Kronecker converted from Jewish faith to Christianity. He was opposed to non-constructive proofs, he demanded a construction of the actual object. He was in fact against the unrestricted use of the infinite in arguments & that of the use of the excluded middle. In fact one could say he initiated a new school of mathematics - intuitionism.

Cantors theories of the infinite may have appeared to encroach on that territory as Dain points out in his answer; and Kronecker with a new converts zeal, may have attacked him on this very point, hence the call of impiety, an attack on his faith and, since he didn't believe in infinities or the reductio, his charge of the socratic corruption of youth away from truth, was him being simply consistent with his position.

But ironically, Cantor himself worried about that too, he had mystical tendencies towards the absolute infinite (perhaps he too had read Hegels doctrines). Aristotle, believed in a potential infinity, but not an actual one. Cantors theories of the infinite, far from disproving this claim, only affirmed them.
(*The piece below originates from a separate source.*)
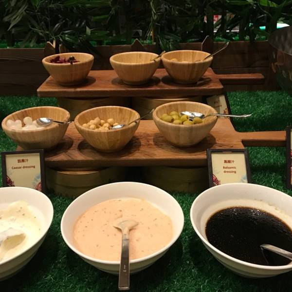 整体布置的还不错。整体来说风景不错,就是东西种类少了点。希尔顿的酒店自助,团购买的是138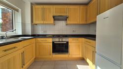 KITCHEN – Modern kitchen with various wall and base units and window to rear. Appliances consist of: Integral washer/dryer, electric hob, electric oven and fridge/freezer.

It kind of leads one to suspect that Kronecker never spent the time to understand Cantors theories.

But they needn't have worried, current set theorists have considered large cardinal axioms that go far, far beyond the kind of infinities envisaged by Cantor. And still there is territory far, far beyond what they have currently surveyed. In a way, considering the territory yet to cover, it's as almost as though we've never even come out of the safe shelter of the finite.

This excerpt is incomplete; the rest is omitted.